I don't really understand the propulsion to fix the world but I know it's strong in many, perhaps myself as well.  This seems quite different from the propulsion to serve.  Yet both can have a similar goal.  The propulsion to learn or seek the truth is also fascinating to me as this relates to fixing versus serving.  Maybe that's enough said as this implies my dilemma.

To look to science for wisdom seems to me like thrusting responsibility too soon on teenagers. But, perhaps there are appropriate tools, like various discoveries or technologies of the day, even the Roadmap.pdf, that are useful in our individual journeys.  This is even acknowledging the spiritual journey has no need of worldly knowledge whatsoever.  Perhaps some will be helped by science to come to the right spiritual questions, if that is their destiny.

It is so complex for me to hold all these dual notions to create my own story or myth or vision about something so broad as 'the world I wish to live in'.  Yet I feel I can do this in limited scope. For example I see it is possible to raise my musical vision in order to be capable to teach myself to produce that vision.

  • Having Vision versus Living-In-The-Moment...
  • Having Conditioning & Bias yet Creating a Story Free from Them...
  • Accessing One's Higher Self yet Using Thinking (lower self) To Do It...
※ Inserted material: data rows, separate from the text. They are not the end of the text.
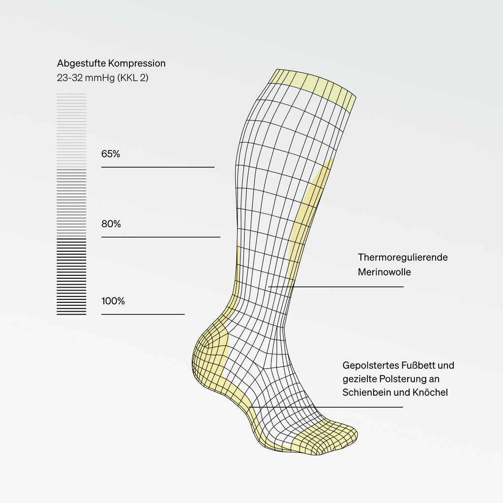 Unsere Kompressions-Skisocken für Herren mit thermoregulierender Merinowolle fördern die Durchblutung, reduzieren Ermüdung & halten die Füße warm. Gezielte Polsterung sorgt für ganztägigen Komfort.
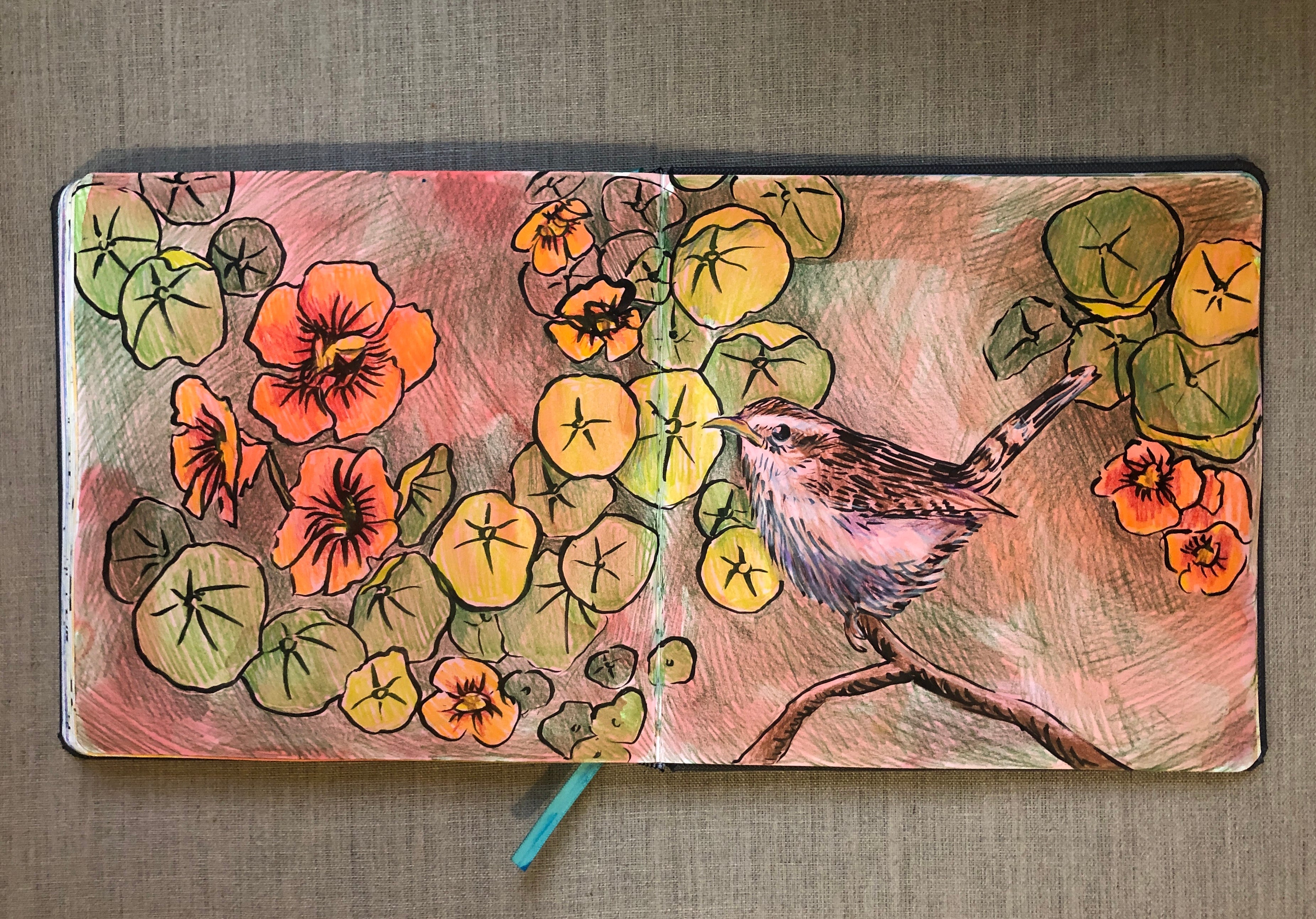 Nasturtiums and the Wren
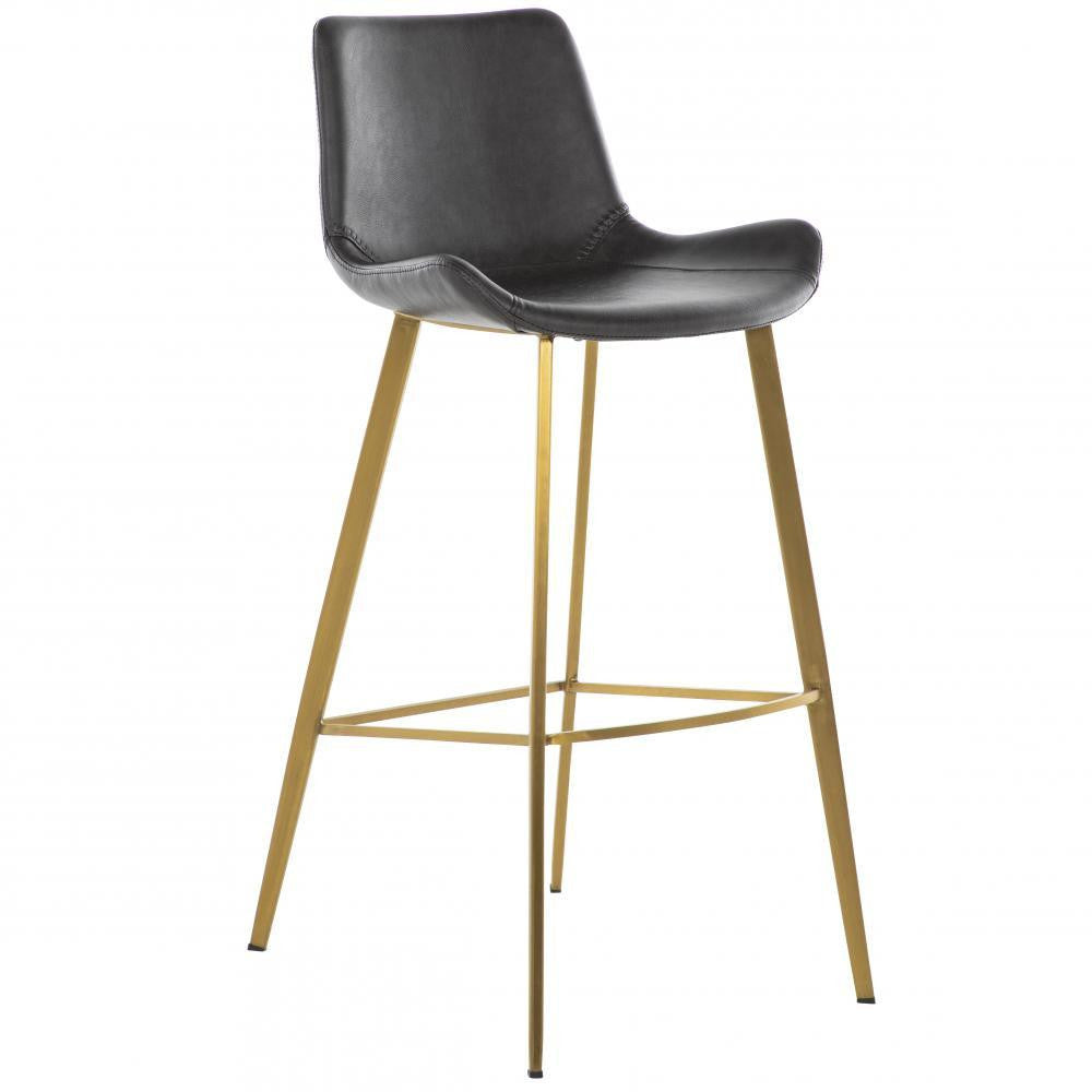 Sumptuous dark charcoal brown faux leather brings gravitas to the Hines Bar Stool. With brushed gold metal legs and footrest, the Hines is the quintessential bar seat, offering classic looks & comfort. Leather might show a different color shade under different lighting.
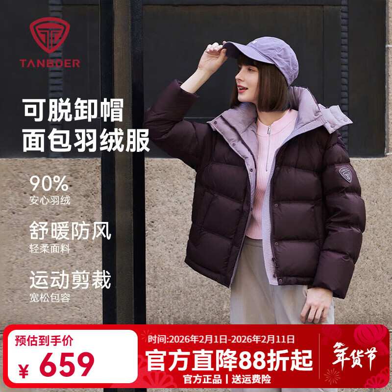 旗舰店坦博尔2025冬季新款休闲百搭可脱卸帽面包羽绒服女短款加厚保暖外套 满天星紫 S (160) 建议体重110斤-120斤
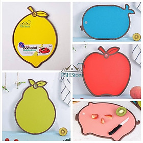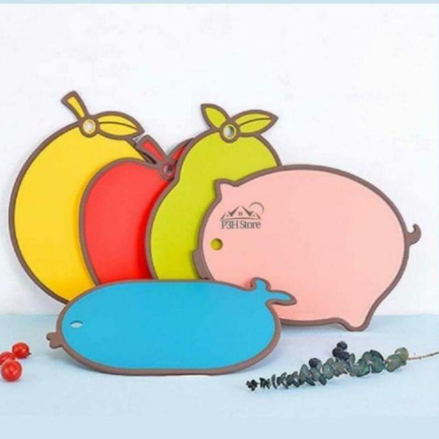 Thớt gồm nhiều mẫu : cá heo , trái lê , trái chanh , cá hồng , táo đỏ.
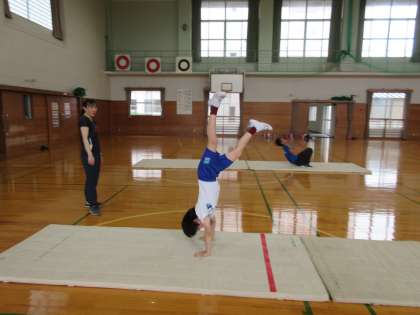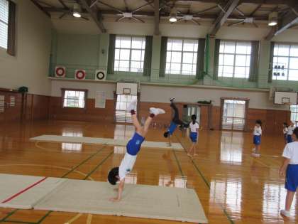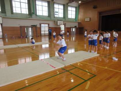 子供と先生の動きとシンクロしていました。のびのびとマット運動に取り組んでいます。
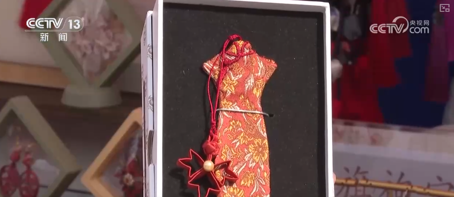 在非遺八大集市上,有許多精緻的小物件,比如這枚小書籤,別看它小,可是凝結了三項非遺技藝,包括京式旗袍傳統制作技藝、京繡技藝,以及盤扣製作技藝,亮點多多,十分的精緻。
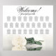 Améliorez la beauté et le raffinement de votre réception de mariage avec ce tableau captivant de 25 places, pouvant accueillir jusqu'à 250 personnes avec 10 places par table. Le somptueux design floral moderne présente un rose unique couleur ivoire, blanc ou crème, reposant élégamment sur son côté, se reflétant dans l'eau. L'élégant titre de calligraphie de script dit "Bienvenue! Veuillez trouver votre table", tandis que la partie inférieure offre de l'espace pour les noms du couple et la date du mariage, ajoutant une touche personnelle à votre décor. Ce tableau de sièges dégage une atmosphère intemporelle, classique, sophistiquée et glamour, accueillant vos invités à votre réception et les guidant à leur siège avec facilité. C'est la façon idéale d'élever le style et l'élégance de votre réception de mariage tout en assurant à vos invités une expérience mémorable.
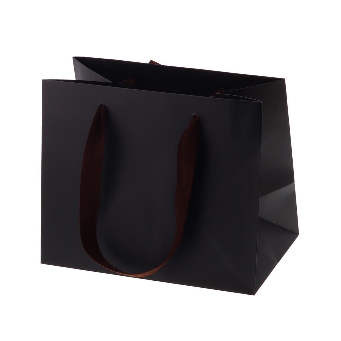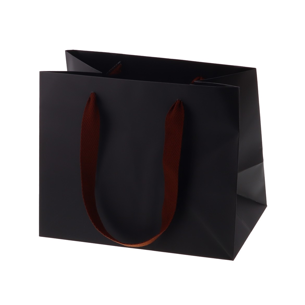[ひも取付式]黒マット紙手提げ 紐:ディープブラウン
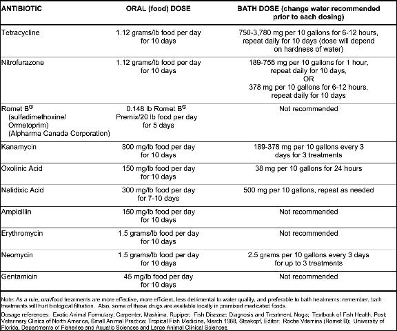 Although the pharmacokinetics of many antibiotics have not been scientifically determined for most species of fish (and especially not ornamental species), good estimations of the activity of many antibiotics have been determined from clinical experience and from work with food fish. Following such guidelines for dosages and their corresponding treatment intervals (e.g., Table 1 ) should yield good results. Table 1
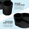 Perfect for little ones on the go, this toddler snack tray turns booster seats into moving snack stations. Keep your kiddo happy with their favorite snacks, no matter where the day's journeys take you. Guaranteed to fit 98% of car seats and booster seats. Made from 100% silicone with a secure 4-ring base, this car tray for kids is designed so it won't slip out of the cup holder, as family road trip essentials for storing snacks while the vehicle is in motion or going over bumpy surfaces. Prioritize health with our dishwasher safe, chemical-free, easy-to-clean car seat snack tray cup holder. BPA free silicone material is soft and safe for everyone, including babies and seniors. Snack without limits, from the driveway to the highway!
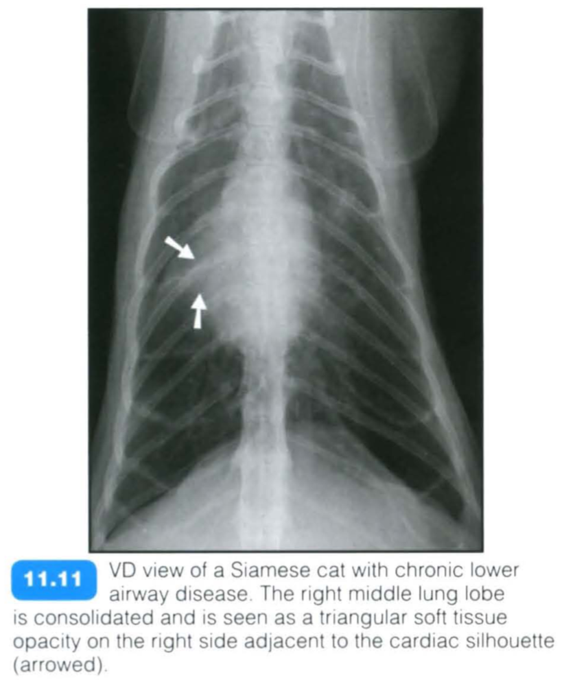 Clinical signs vary from chronic coughing and wheezing to severe respiratory distress. The condition can affect cats of any age with Siamese appearing to have an increased incidence . Hyper-responsive airways and reversible airflow obstruction lead to a reduced airway diameter and increased airway resistance. The condition can be extremely severe in presentation and care should be taken when handling dyspnoeic cats.
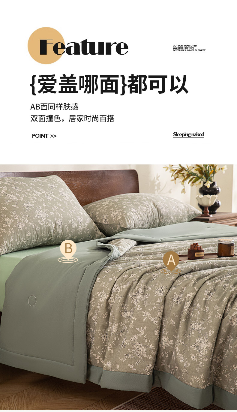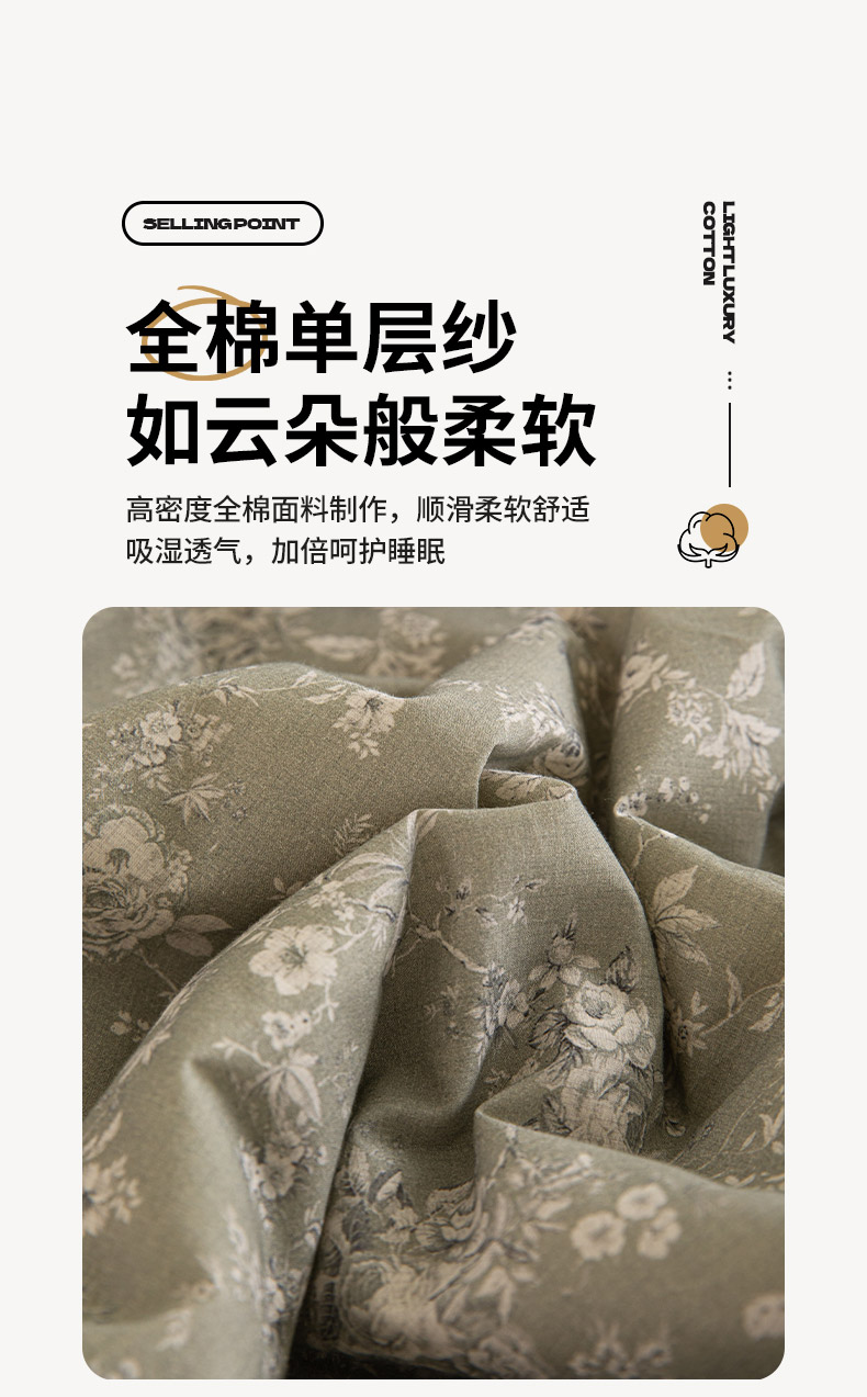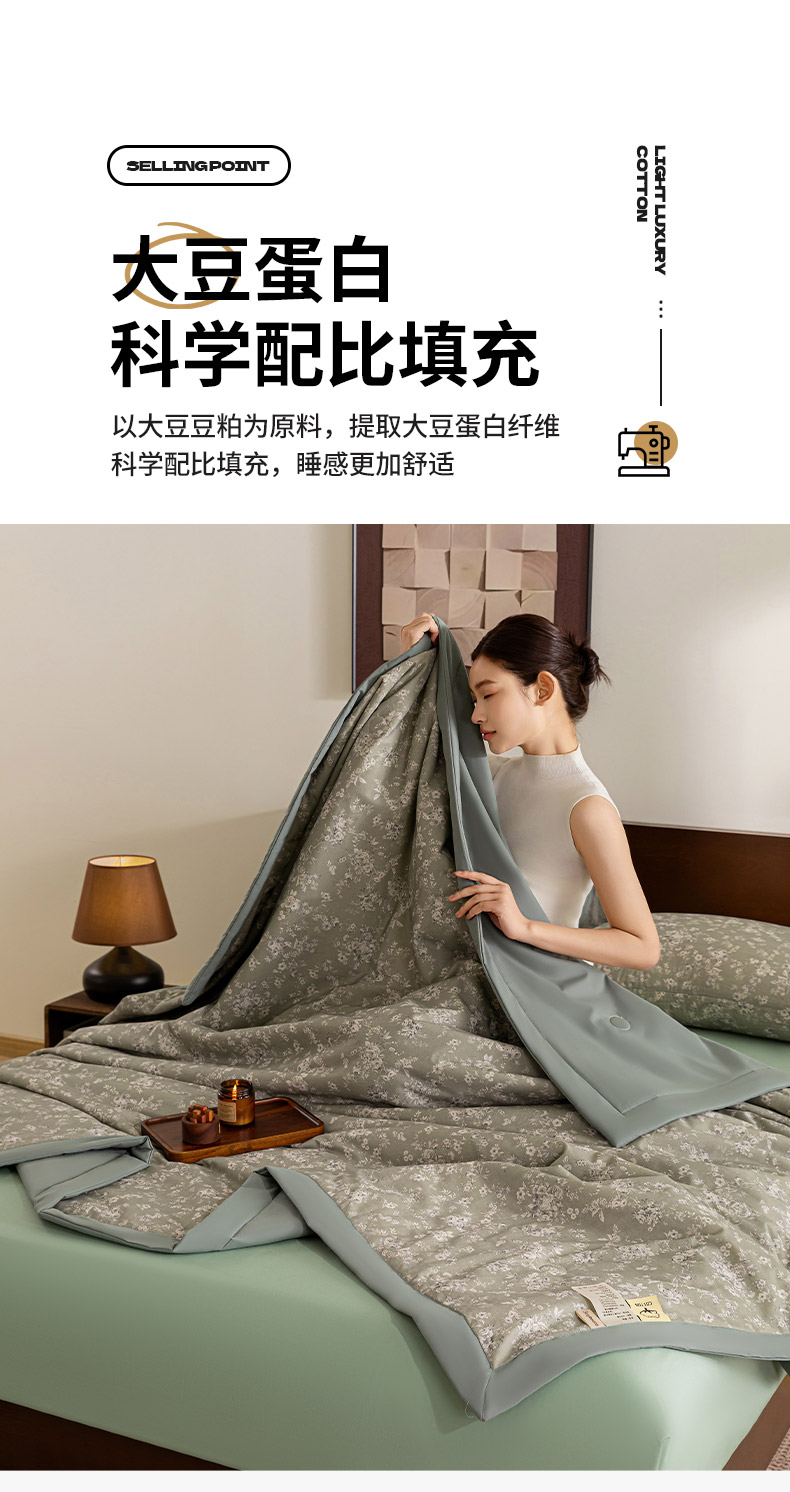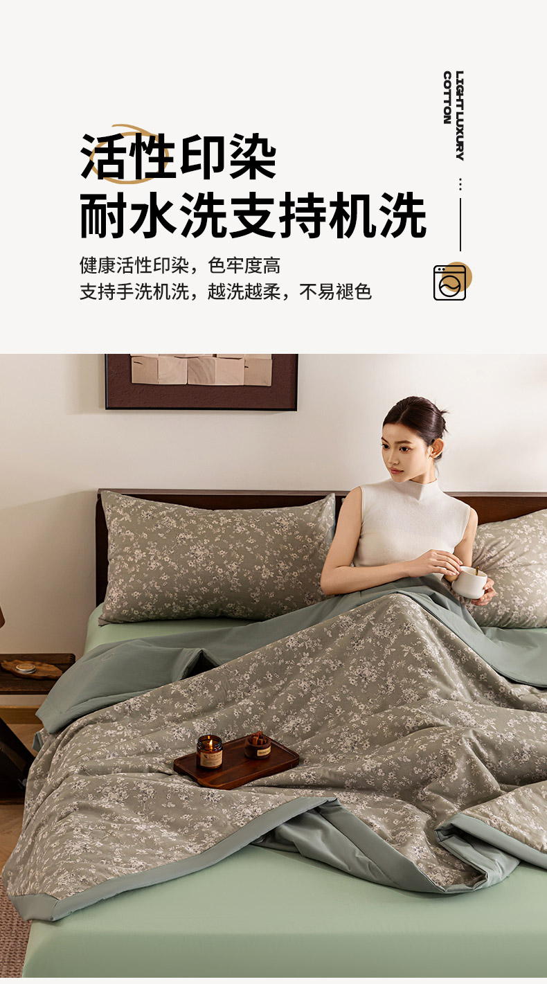 商品名称:吾诺 2025 全棉印花单层纱大豆夏被四件套夏凉被空调被子被芯全棉夏被 轻盈

To build a 'life construct' considering these attributes seems ultimately spiritual, learning about illusions & ignorance, very personal.  So, it's hard for me to see how a global Myth gets created without the same demon and dimension of money in politics.

Hi Dyck - I think we are all 'serving' - each in our own way - and propulsed or compulsed by forces that are deep inside of our psyches.  I don't feel that we are trying to 'fix' the world as much as trying to find stories, and ways of telling them, that will 'awaken' those that are unconsciously asleep or living in bubbles of existence that are created by their egos.   It is a struggle, no doubt - I agree whole-heartedly with the final 2 statements in your last post. 

The foundation that has influenced me are the writings on Teilhard de Chardin and Thomas Berry and those scholars that have been mentored by them and it would take to many words to capture the essence of their ideas here but I can recommend a book written in the 90s that presents the subject in a compassionate manner - "Earth Story, Sacred Story" by James Conlon.  Also check out this trailer for a new documentary currently in production (includes comments by Duane Elgin) -

I wish there was a more convenient forum space to pursue this subject in an open-ended manner with more focus and depth without restrictions regarding time but so far I have not found it - guess I have to start my own forum or blog to get there.  Project for next year??

Sorry CA, I should have been more clear!!  By those 'serving' I mean the likes of those on this forum and the many others that are straining to unveil ways of changing who we are and how we behave.  A mighty challenge no doubt but one that requires the faintest sense of hope in humanity and the time to pull it off.  It is easy to be skeptical in this day and age but it is courageous to be passionate about the possibilities!!!

So, in your first paragraph, Richard you've hit on what chimes my bells.  It's about me learning what it is... to serve others without the self completely.  Thank you!